# Snow for NJ?



## kemmer (Dec 5, 2003)

What do you guys think for the possible storm tuesday? they say it may go north, either way its gonna produce snow


----------



## ThisIsMe (Oct 31, 2006)

I thought winter was canceled this year?


----------



## Mow It All (Jul 13, 2006)

what is all this crazy talk.....WINTER??  We should get a few " in nj, but i aint loading my pliow this time till it starts falling. Last time we were supposed to get it I loaded the plow, the salt, the blowers, and we got 12hrs of rain..........


----------



## Nitro1253 (Nov 23, 2006)

There is already a special weather statement issued for NJ


----------



## soulrider1979 (Nov 20, 2006)

I never exactly wrote winter off, infact when the cold finally came mid-january, I knew it was a matter of time. Better late then never, right?
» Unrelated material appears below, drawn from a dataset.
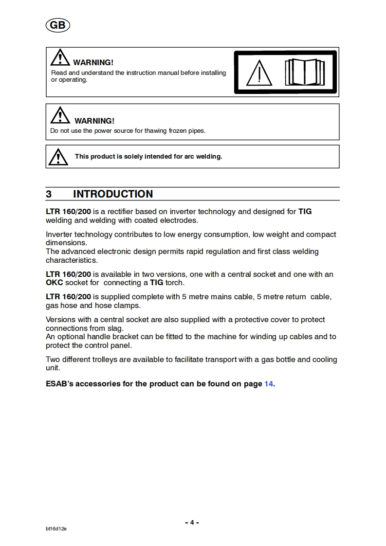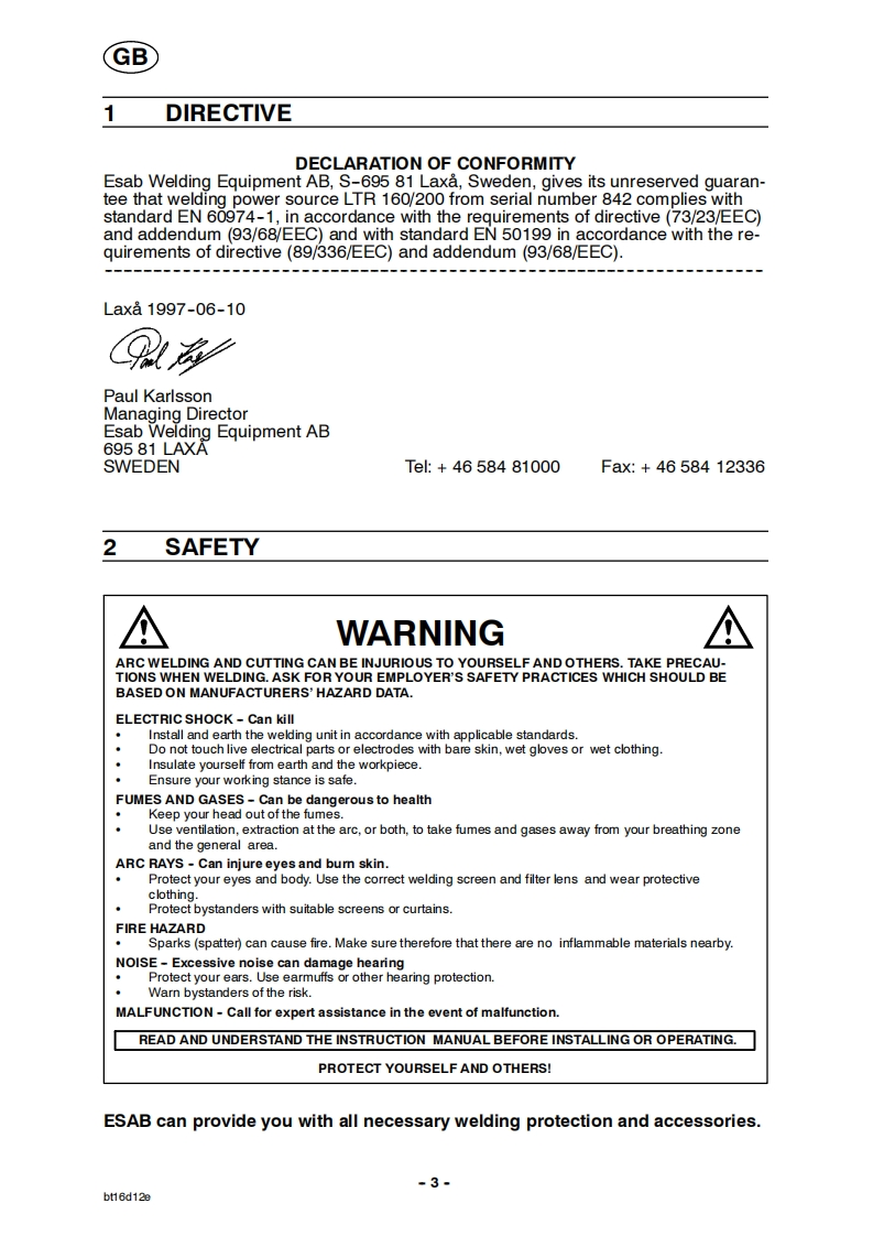 ESAB-Power-Tig-160操作手册含电器原理图找手册网24天前发布关注私信0.31MB18页046ESAB-Power-Tig-160操作手册含电器原理图此内容为付费资源,请付费后查看¥19¥21黄金会员免费钻石会员免费登录购买付费资源 第1页 / 共18页 第2页 / 共18页 第3页 / 共18页 第4页 / 共18页 第5页 / 共18页 第6页 / 共18页 第7页 / 共18页 第8页 / 共18页 第9页 / 共18页 第10页 / 共18页 试读已结束,还剩8页,您可下载完整版后进行离线阅读 THE ENDESAB焊机/林肯焊机 文本预览 GBESABPower Tig 160Power Tig 200LTR 160,LTR 200尚LTR⑥Instruction manual0457305201GB041101Valid for serial no.011-xxx-xxxx 查看更多 收起部分 喜欢就支持一下吧收藏

Now if I could ony find my truck keys?


----------



## snowhappy (Feb 2, 2007)

yea yea yea im getting out the sunblock!!!!!!!


----------



## QCS (Jan 25, 2006)

Will have to see it to believe it..........


----------



## RICHIE K (Jul 31, 2004)

I sure hope so


----------



## danno (Sep 16, 2004)

Between 6-12 here in CT land.


----------



## kemmer (Dec 5, 2003)

Its looking better and better.....no i have to decide if i should leave school monday night and come home to plow


----------



## JeepPlow18 (Sep 4, 2006)

Yea very true ist looking more and more promising by the hour. Just think about it they were calling this storm a week ago and no big differences in the models then and now same thing thats why I am confident that this will be the one. :bluebounc payup


----------